It was imperative that the United States tank thrust around Djedeida be halted and the Luftwaffe was called upon to support the ground forces by air attacks upon the Allied spearhead. Nine separate attacks went in, and destroyed some vehicles but the others continued their advance. It seemed as if Allied boldness might yet win the race for Tunis, but as the American armoured fighting vehicles thundered along the western road they came into the defence sector which had been specially created to guard the approaches to the city. The backbone of this was the two 8.8cm guns which Nehring had himself sited.

The Luftwaffe gun crews held their fire as the American column came closer and still closer. At almost point blank range the gunners opened fire and the crack of the first shot was barely heard in a greater detonation as the lead tank blew up, then a second burst into flames, a third slewed round with its track destroyed, another and then another; the gunners firing as fast as they could load until six machines had been put out of action. In the face of such a weapon as the 8.8 with its high rate of fire and its great powers of penetration, the American tank unit could make no further advance. The American column turned and withdrew upon Djedeida.

During the early morning of 26th, Witzig's Group, which had received reinforcements of No 3 Company of the Tunis Field Battalion and a squadron of tanks from 190th Panzer Battalion, resumed its march upon Tebourba. To carry out this advance it had to cross ground in which American tank columns were ranging. Then followed the first battle between German and American armoured forces.

The German Panzer IVs were fitted with the long 7.5cm high velocity gun and the Panzer IIIs with the 5cm weapon. The United States tanks had smaller cannon but their force was not only numerically stronger but was in better tactical position. The Panzer IVs advanced in a shallow wedge formation with the lighter armed Panzer Ills in the intervals. Firing rapidly the panzer squadron advanced towards a company of American self-propelled guns but it had fallen into a trap and was taken in flank and from the rear by US tank groups hidden in hull-down positions. The United States tank crews fired at close range and to such good effect that all the Panzer IVs and several of the Panzer IIIs were knocked out within minutes. The remnants of the armoured elements of Witzig's command pulled back to the farmhouse which his para-engineers had defended so tenaciously.

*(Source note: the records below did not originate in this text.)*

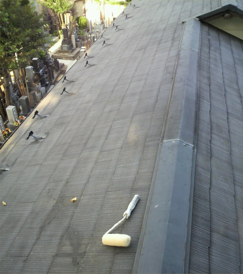お墓場隣の屋根の仕事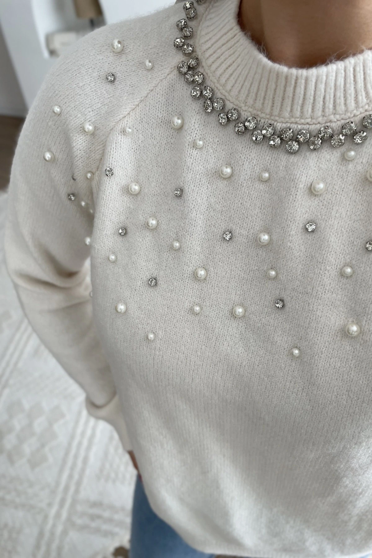 YAKA SIRA TAŞ ÇAKIM İNCİ SERPME KAZAK – KREM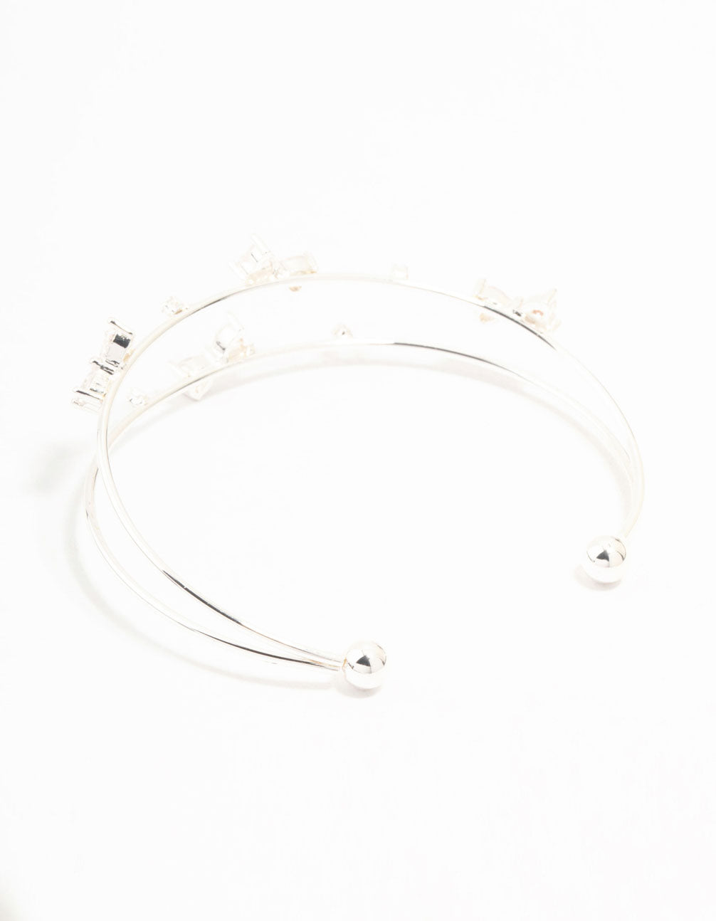 Silver Plated Mini Cubic Zirconia Bows Wrist Cuff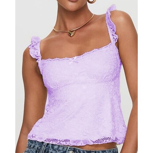 Per donna Blusa Canotta a canotta Maglietta senza maniche Bordo in pizzo Senza schiena Semplice Elegante Sexy Senza Maniche Colletto a Camicia Top corti Quotidiano Abbigliamento da sera Ferie Blu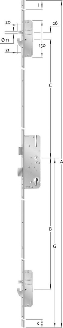 Mit kombinierter Rundbolzen-Schwenkriegel-Arretierung, Langstulp 2170 mm mit Hauptschloss und 2 Zusatzschlössern, Hauptschloss vorgerichtet für PZ, Entfernung 92 mm, 10 mm Nuss, DIN links und rechts umstellbar. Stulp hell verzinkt. Ausführung TSH mit Türsperre.

Now that Medjez el Bab was in British hands Tebourba had become the next most important stepping stone in the advance by 11th Brigade and it fell to 1st Battalion the East Surrey Regiment at dawn on 27 November. The concentration of Blade Force armour in and around Tebourba and the Chouigui pass, some 4 miles north of the village, convinced Nehring that this was the area and the direction from which the decisive Allied assault would be made. The possession of Tebourba would determine whether Tunis would fall or would be held. Nehring sent in a series of armoured probing attacks to ascertain the Allied strength in the area. Two columns of infantry and tanks attacked; one from the north-east and the second from the east. Small, bitter battles were fought in the olive groves which are laid out all around the town.

Early in the morning of 27 November the East Surreys in the perimeter around Tebourba were attacked by a German tank column, Battle Group Lu'der. Leading the assault were two of the giant Panzer VI Tigers, which had been rushed over to Tunisia. A dozen or so other tanks completed the armoured group. The first wave of panzers rolled over the forward British infantry positions but then came under fire from a battery of British 25-pounder guns positioned behind the East Surreys. The tank gun versus field gun duel was short and predictable: all 8 guns of the British battery were knocked out and lay smashed and silent. But dotting the rolling countryside were 10 tanks of Battle Group Lüder, completely destroyed. At last light the German panzer column drew off down the road to Djedeida taking a further four damaged vehicles with it.

During the night of 27/28 November both sides improved their tactical positions or regrouped their forces. The British commander intended to capture Djedeida and then to move 11th Brigade in a north-westerly direction to cover the flank of the Allied force which would then thrust for Tunis. The elaborate plan for 36th Brigade to attack Djebel Abiod was not required for Witzig and his men had slipped away in the night and had moved back upon Bizerta. They had dug positions in the area of Jefna on the road to Mateur and stood there waiting.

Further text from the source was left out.